━━━ DATASET ENTRIES ━━━

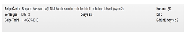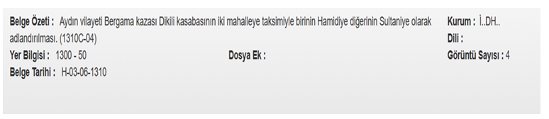 Aydın vilayeti dâhilinde Bergama kazasına muzâf Dikili kasabasının cesametinden nâşî bir mahalle şeklinde idaresi mucib-i müşkilat olmakda olduğundan kasaba-yı mezkurenin teshil-i idaresi içün iki mahalleye taksimiyle birinin nâm-ı nâmî hazret-i hazreti hilafetpenahiye mensuben Hamidiye diğerinin ise Sultaniye tesmiyesi ve ma’l-i muteferri-i sairesinin icrası tezkire kılındığına dair şura-yı devlet dâhiliye idaresine mazbatası melfufiyle arz ve takdim kılınmış olmağla bir mucib mazbata ifâ-yı muktezası hususuna her ne vech ile irade-i seniyye cenab-ı padşahiye şeref-sünûh ve sudûr buyurulur ise mantûk-ı munifi infâz idileceği beyanıyla tezkire-i senâ-verî terkim kılındı efendim.
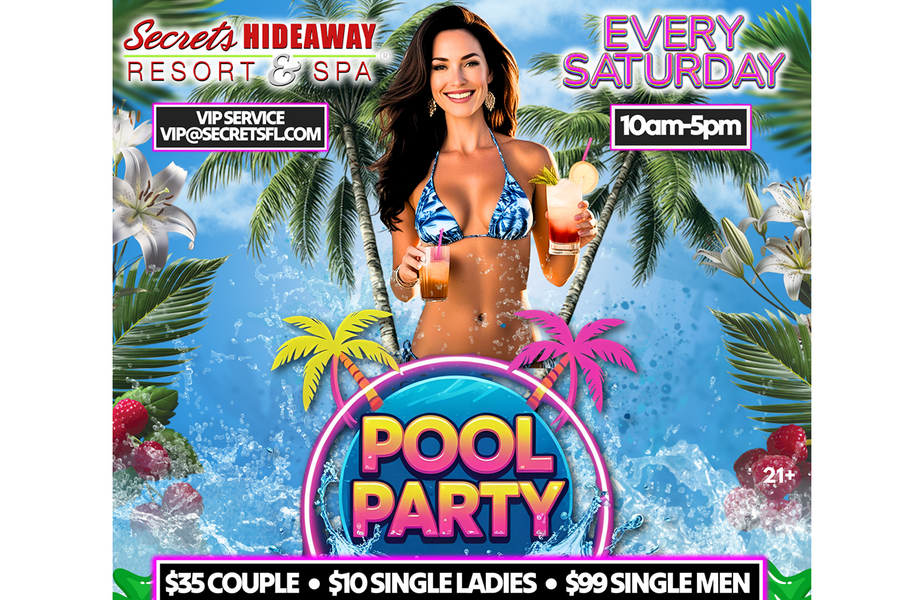 Get ready to indulge in the epitome of Saturday bliss at Secrets Hideaway's exclusive Saturday Pool Party, held every Saturday from 10 am to 5 pm. Shed your inhibitions along with your clothes and immerse yourself in the epitome of sensual freedom at Orlando's hottest clothing-optional pool event. With the sun beaming down and the temperature rising, Secrets Hideaway invites you to strip down, cool off, and join your sexiest friends for a day of pure, unadulterated pleasure. Picture yourself lounging poolside, drink in hand, surrounded by the rhythmic beats of hot music and the sizzling presence of even hotter friends. Secrets Hideaway Resort and Spa's courtyard pool area, complemented by two outdoor tiki bars, forms the perfect backdrop for this seductive rendezvous, where you can let go, be free, and celebrate the heat of summer in the most alluring way possible.
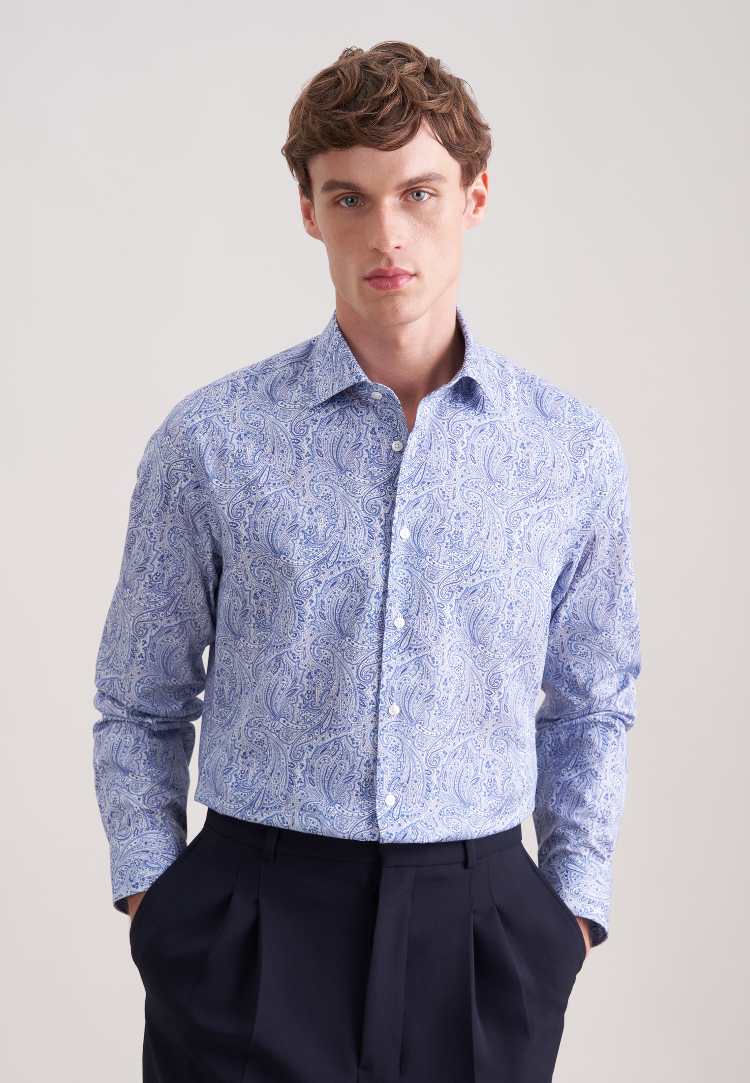 Maskuline Ästhetik: Das 1/1-Business Hemd von Seidensticker aus der "SMART ESSENTIALS" Kollektion erweitert Ihre Garderobe um einen hochwertigen Look, der den Geist der Zeit trifft. Ob Homeoffice, Veranstaltungen, Freizeit oder Büro - es ist ein eleganter Begleiter, der durch schlichte Eleganz überzeugt. Die Silhouette dieses Business Hemds in der Passform Shaped ist figurbetont ohne dabei zu eng anzuliegen. Das schicke Druck-Muster macht es zu einem absoluten Must-have. Dieses Hemd verkörpert klassische Eleganz mit modernem Schliff. Dank Covered-Button-Down-Kragen wird der smarte Charakter besonders unterstrichen.
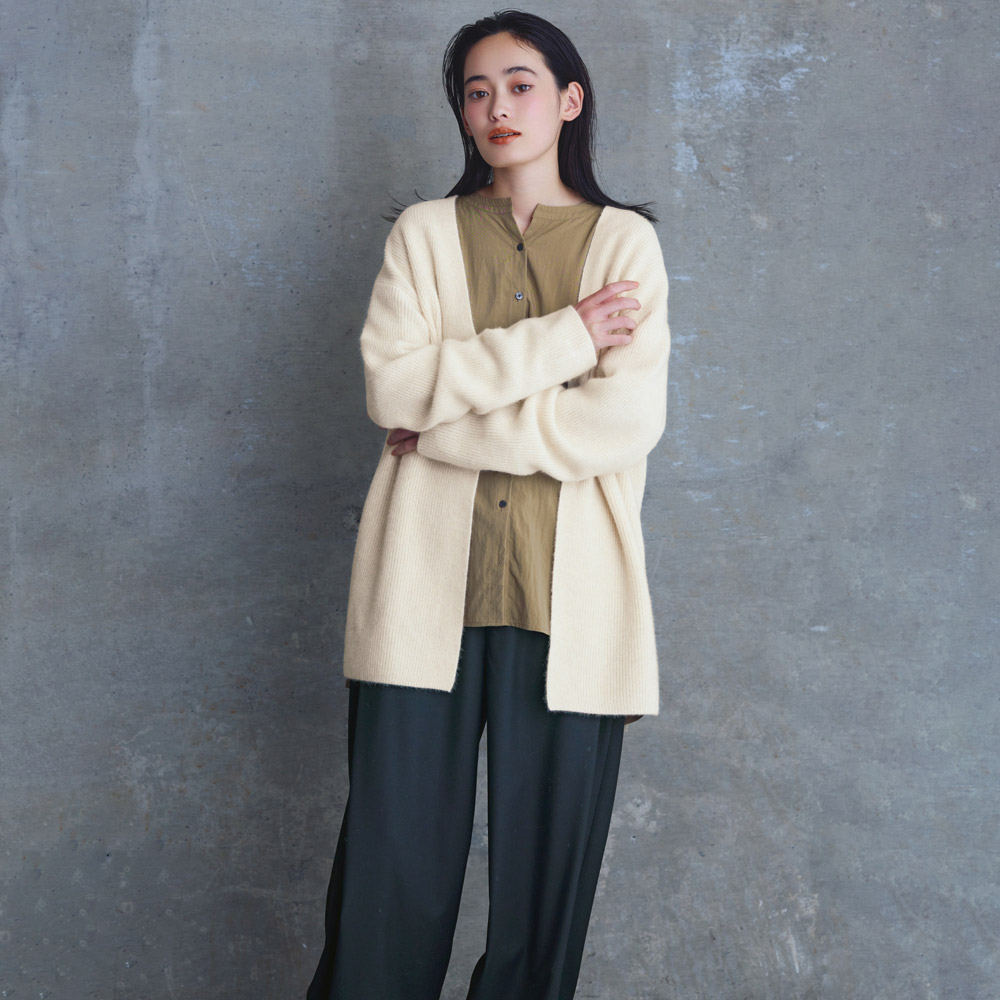 LUXURIOUS AND EFFORTLESSこだわりの素材、職人の技が光るディテール。ポリシーのあるアイテムは、着るだけで豊かな気持ちをもたらし、大人としての存在感を高めてくれるはず。ふんわりと柔らかなさわり心地にうっとりふくらみのあるウールとヘアリーなフォックスをブレンド。あたたかみをもたせた軽やかな表情で、ほかとは一線を画す風合いに。カジュアルに落とし込んで、リュクスなエッセンスを香らせて。さらりと羽織れる気軽さと、程よい厚み感を兼ね備えたコーディガン。着流しデザインでインナーを選ばず色々な着こなしに使えます。単品使いはもちろんのこと、共通素材のフーディストール(商品番号:121302)合わせもおすすめです。
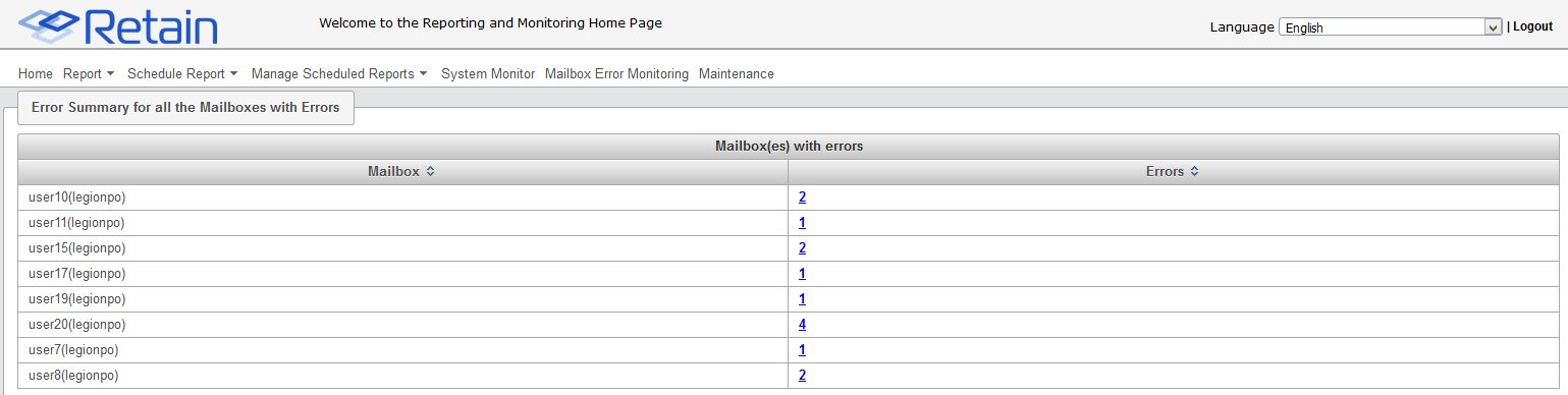 Clicking on "Mailbox Error Monitoring" will open a new window or tab. This will show the Mailbox Error Monitoring page of the Reporting and Monitoring server.

━━━

-- TASK TO CARRY OUT --
Each line above is to be duplicated exactly, and the pictures are to be omitted.

-- EXPECTED ANSWER --
 Aydın vilayeti dâhilinde Bergama kazasına muzâf Dikili kasabasının cesametinden nâşî bir mahalle şeklinde idaresi mucib-i müşkilat olmakda olduğundan kasaba-yı mezkurenin teshil-i idaresi içün iki mahalleye taksimiyle birinin nâm-ı nâmî hazret-i hazreti hilafetpenahiye mensuben Hamidiye diğerinin ise Sultaniye tesmiyesi ve ma’l-i muteferri-i sairesinin icrası tezkire kılındığına dair şura-yı devlet dâhiliye idaresine mazbatası melfufiyle arz ve takdim kılınmış olmağla bir mucib mazbata ifâ-yı muktezası hususuna her ne vech ile irade-i seniyye cenab-ı padşahiye şeref-sünûh ve sudûr buyurulur ise mantûk-ı munifi infâz idileceği beyanıyla tezkire-i senâ-verî terkim kılındı efendim.
 Get ready to indulge in the epitome of Saturday bliss at Secrets Hideaway's exclusive Saturday Pool Party, held every Saturday from 10 am to 5 pm. Shed your inhibitions along with your clothes and immerse yourself in the epitome of sensual freedom at Orlando's hottest clothing-optional pool event. With the sun beaming down and the temperature rising, Secrets Hideaway invites you to strip down, cool off, and join your sexiest friends for a day of pure, unadulterated pleasure. Picture yourself lounging poolside, drink in hand, surrounded by the rhythmic beats of hot music and the sizzling presence of even hotter friends. Secrets Hideaway Resort and Spa's courtyard pool area, complemented by two outdoor tiki bars, forms the perfect backdrop for this seductive rendezvous, where you can let go, be free, and celebrate the heat of summer in the most alluring way possible.
 Maskuline Ästhetik: Das 1/1-Business Hemd von Seidensticker aus der "SMART ESSENTIALS" Kollektion erweitert Ihre Garderobe um einen hochwertigen Look, der den Geist der Zeit trifft. Ob Homeoffice, Veranstaltungen, Freizeit oder Büro - es ist ein eleganter Begleiter, der durch schlichte Eleganz überzeugt. Die Silhouette dieses Business Hemds in der Passform Shaped ist figurbetont ohne dabei zu eng anzuliegen. Das schicke Druck-Muster macht es zu einem absoluten Must-have. Dieses Hemd verkörpert klassische Eleganz mit modernem Schliff. Dank Covered-Button-Down-Kragen wird der smarte Charakter besonders unterstrichen.
 LUXURIOUS AND EFFORTLESSこだわりの素材、職人の技が光るディテール。ポリシーのあるアイテムは、着るだけで豊かな気持ちをもたらし、大人としての存在感を高めてくれるはず。ふんわりと柔らかなさわり心地にうっとりふくらみのあるウールとヘアリーなフォックスをブレンド。あたたかみをもたせた軽やかな表情で、ほかとは一線を画す風合いに。カジュアルに落とし込んで、リュクスなエッセンスを香らせて。さらりと羽織れる気軽さと、程よい厚み感を兼ね備えたコーディガン。着流しデザインでインナーを選ばず色々な着こなしに使えます。単品使いはもちろんのこと、共通素材のフーディストール(商品番号:121302)合わせもおすすめです。
 Clicking on "Mailbox Error Monitoring" will open a new window or tab. This will show the Mailbox Error Monitoring page of the Reporting and Monitoring server.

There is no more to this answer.